Get an AD Object without RSAT and fast
In this article we’ll see the function I’ve built to get an AD Object without RSAT and fast. I’ve been thinking for a while to write a new function, mainly because I wanted to pass multiple SamAccountNames without having to write a filter. However I recently had to go through a ton of users and fast, this is when I though that I could finally write my custom function, which leverages System.DirectoryServices.DirectorySearcher, so it doesn’t even require RSAT.
There are a lot of guides are out there how to use it, this article is meant to share with you the function I built around that.

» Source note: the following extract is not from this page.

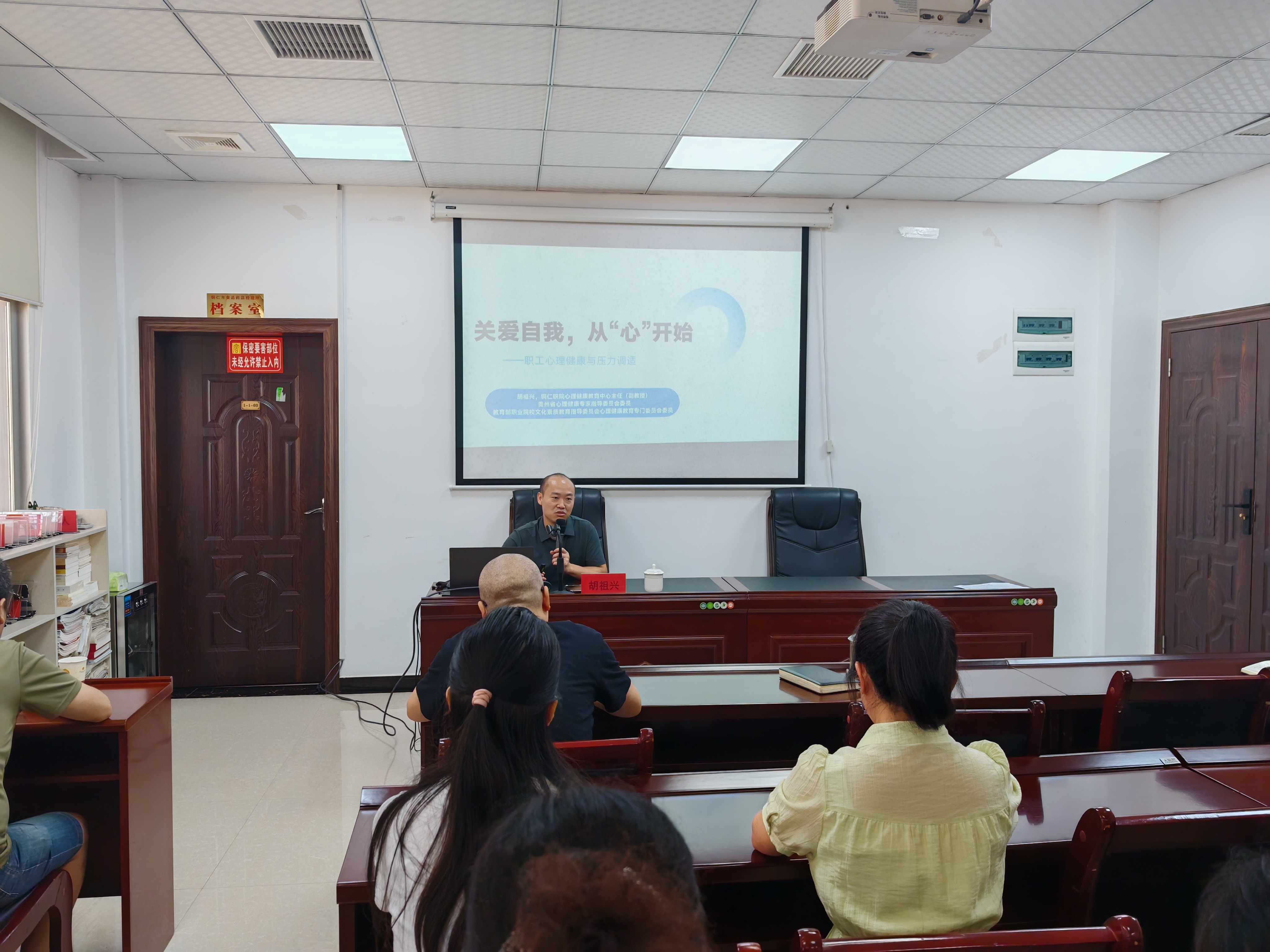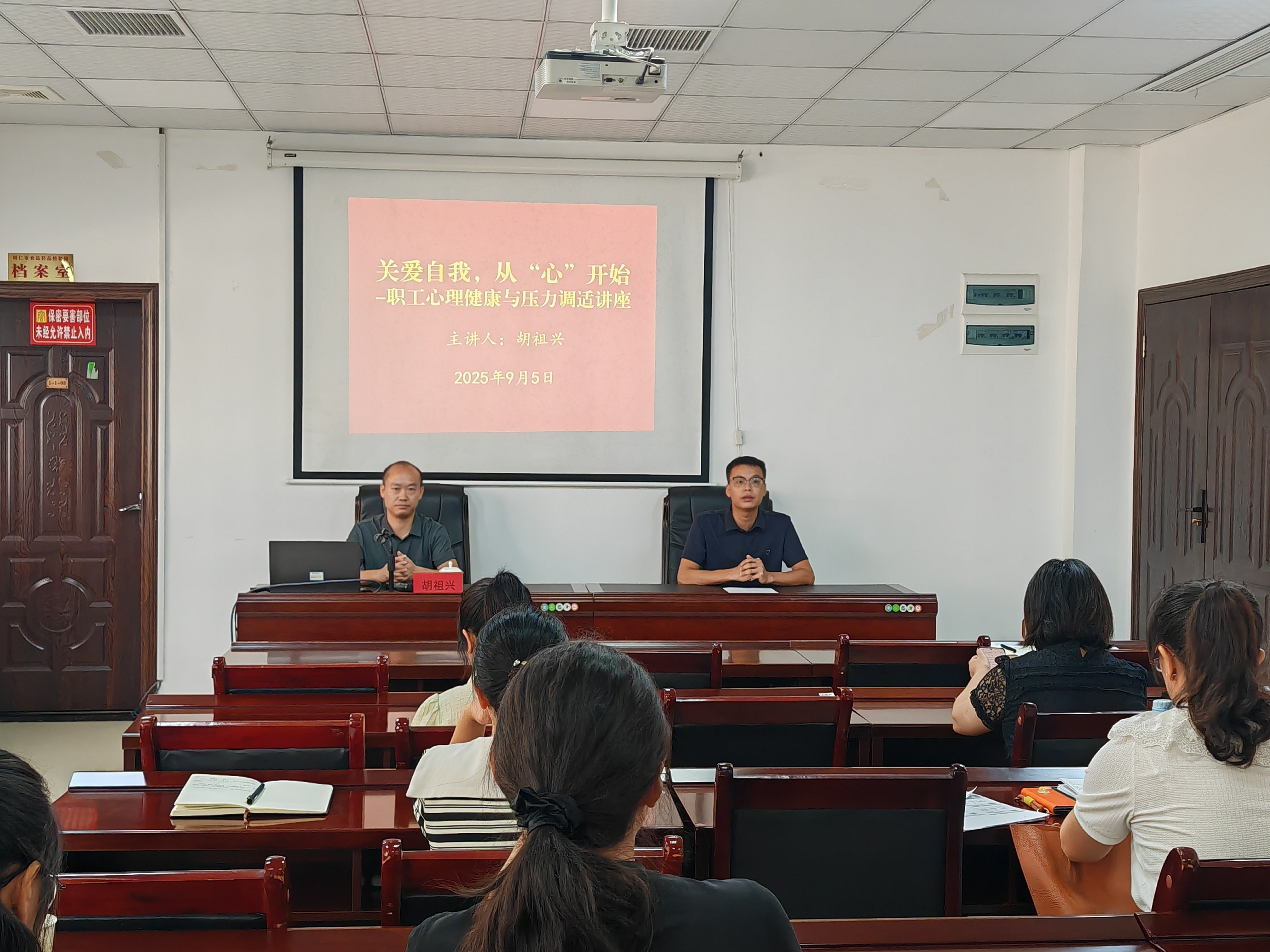 2025年9月5日上午,我校心理健康教育中心主任胡祖兴应检验检测院邀请,为该院职工做了一场“关爱自我,从‘心’开始——职工心理健康与压力调适”的专题讲座。

The things I like the most about this:
- It’s fast. The more objects you’re querying, the faster it’ll be compared to Get-ADObject/Get-ADUsers/Get-ADGroup.
- You can use it to query any kind of Object.
- You can pass multiple SamAccountNames (Sam1, Sam2, SamN), SIDs or DistinguishedNames.
- You can also choose to pass a partial parameter with a wildcard, for example: MyUserSam*
- You can also choose to write a plain LDAP Query instead of the SAM/SID/DN.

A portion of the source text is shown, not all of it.